Saturday, June 5, 2010

Government Faces New Threat From Corporations

The recent blowout in the Gulf of Mexico is on everyone’s minds these days. President Obama, under public pressure to take action against the oil and gas industry, recently announced he wants to trim tax incentives for the oil and gas industry. He may face new hurdles in doing so because of the new-found political powers of corporations.

The industry is doing well today because public policy supports the exploration for new domestic energy sources. BP’s drilling in the Gulf was part of that effort. Now that they enjoy robust incentives, the industry probably won’t give them up willingly. Try taking a bone away from a bulldog. He’s not inclined to let you have it.

In January the Supreme Court overturned provisions of federal campaign finance law which limited corporations and unions from spending money directly in campaign advertising. Under the aegis of free speech, the decision “unleashes the floodgates of corporate and union general treasury spending” in political campaigns, as Associate Justice John Paul Stevens wrote in his dissent.

Corporations are creatures of statute; the Constitution doesn’t mention them at all. So how did corporations start getting treated on par with human beings?

In a quirk of American judicial history, in 1886 a court reporter slipped language into a Supreme Court decision headnote that implied corporations were entitled to equal protection under the Fourteenth Amendment. Nobody caught it, and subsequent courts started citing the case as law.

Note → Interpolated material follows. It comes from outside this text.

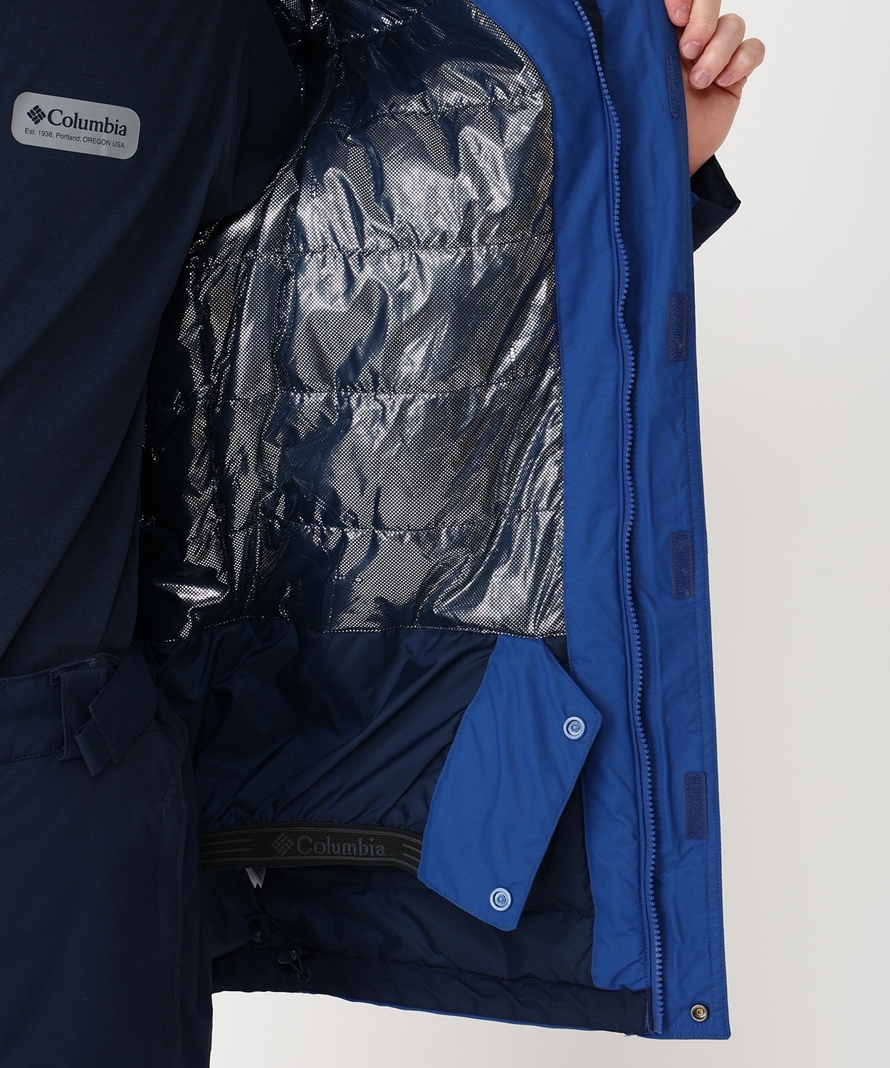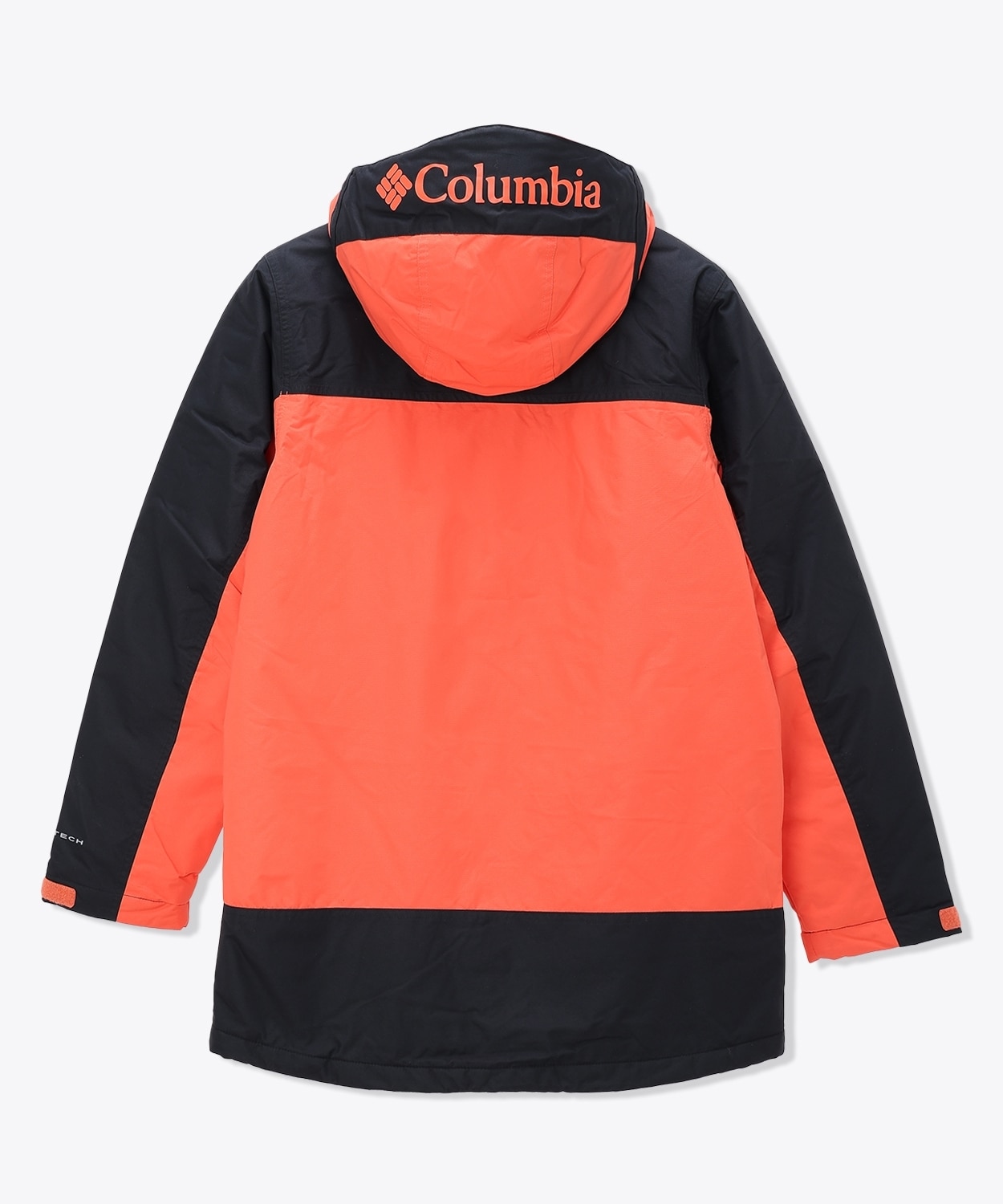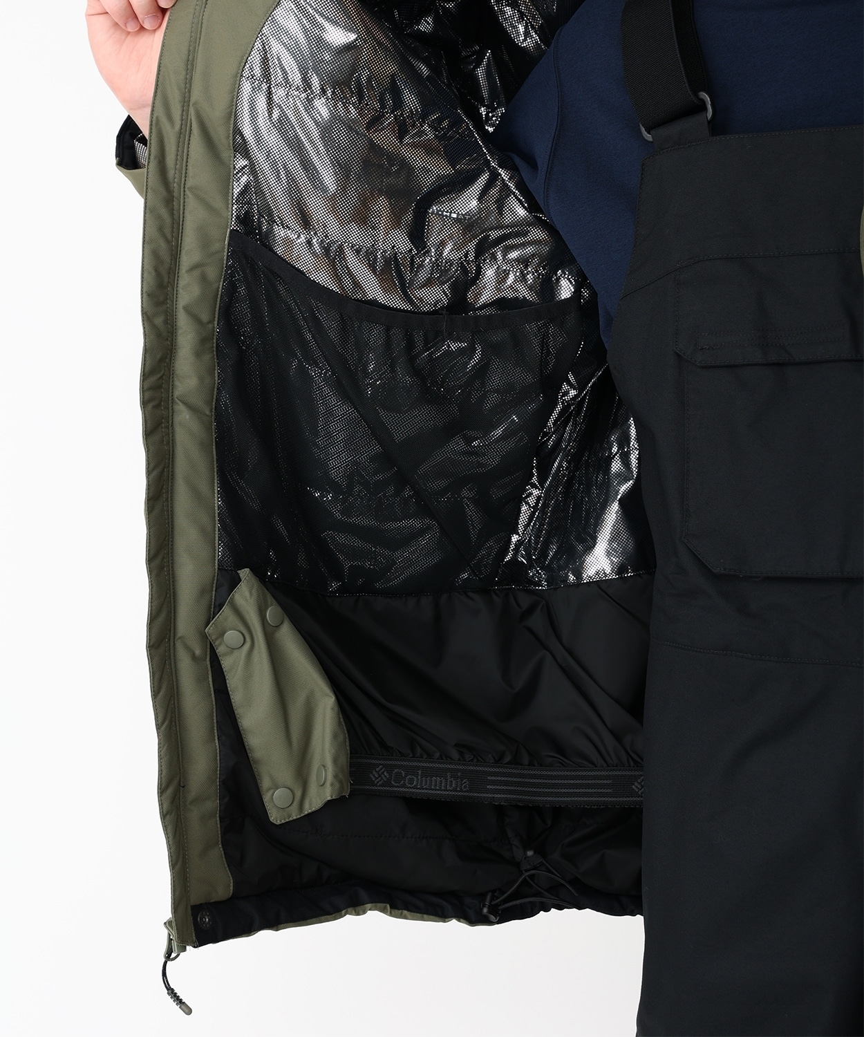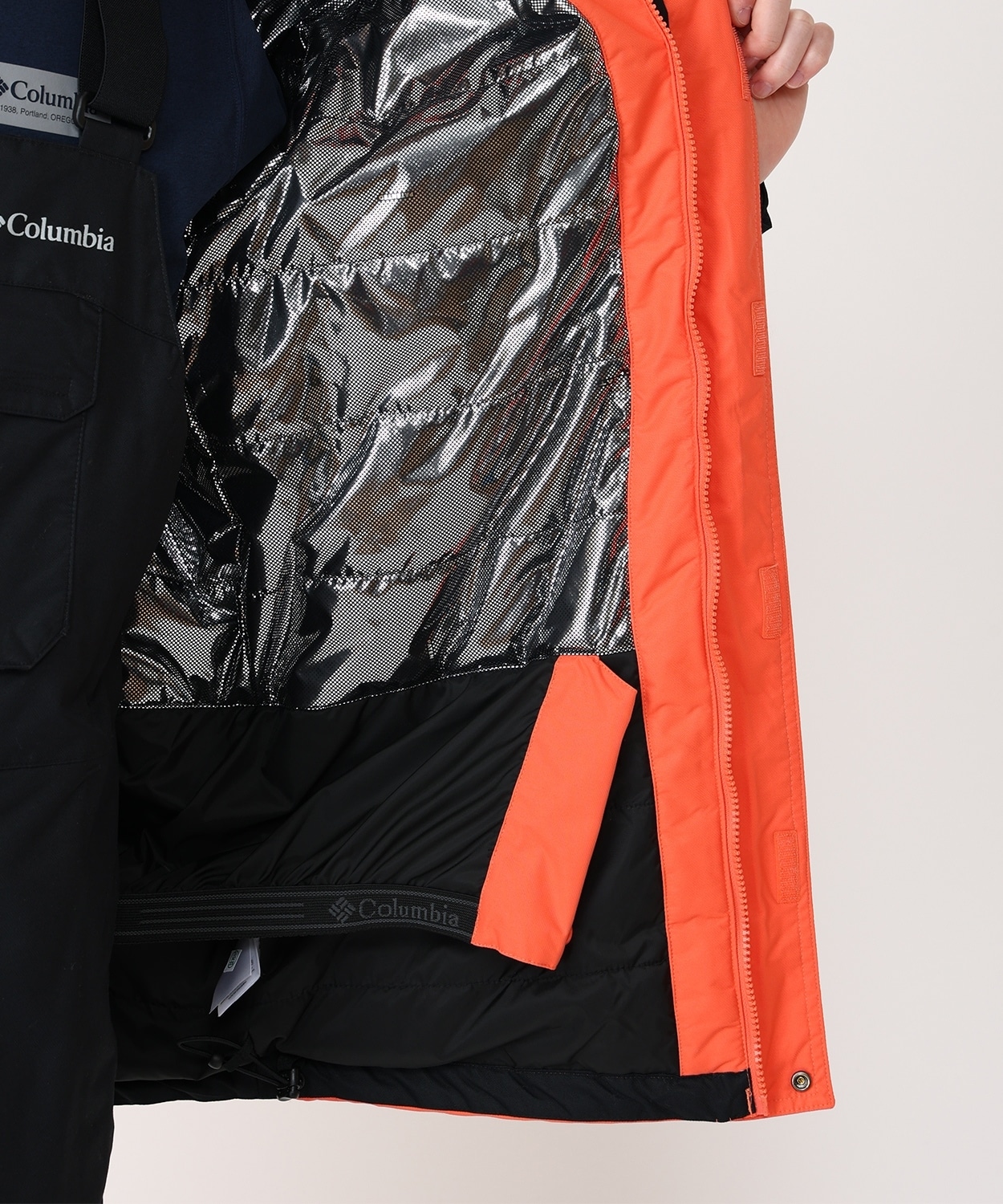 雨に強くムレにくい独自の防水透湿機能を備え、裏地に熱反射保温機能が体の熱を反射し暖かさをキープ。ヘルメットに対応するフードデザインや、ゲレンデに必須なポケットワーク、冷気を防ぐ前立仕様やチンガードを装備するなど、ウィンタースポーツに適したディテールも充実。フードを被るとブランドロゴがアクセントとなり、コロンビアらしさを込めたアイテムです。

Granted, the First Amendment broadly says “Congress shall make no law … abridging the freedom of speech.” But as Justice Stevens saw it, the Founding Fathers “had little trouble distinguishing corporations from human beings, and when they constitutionalized the right to free speech in the First Amendment, it was the free speech of individual Americans that they had in mind.”

Federal election restrictions on corporations date back to 1907, when Congress banned all corporate contributions to candidates. The Senate Report on the legislation at that time observed that the “evils of the use of (corporate) money in connection with political elections are so generally recognized that the committee deems it unnecessary to make any argument in favor of the general purpose of this measure. It is in the interest of good government and calculated to promote purity in the selection of public officials.”

How could a corporate heavyweight influence a political campaign?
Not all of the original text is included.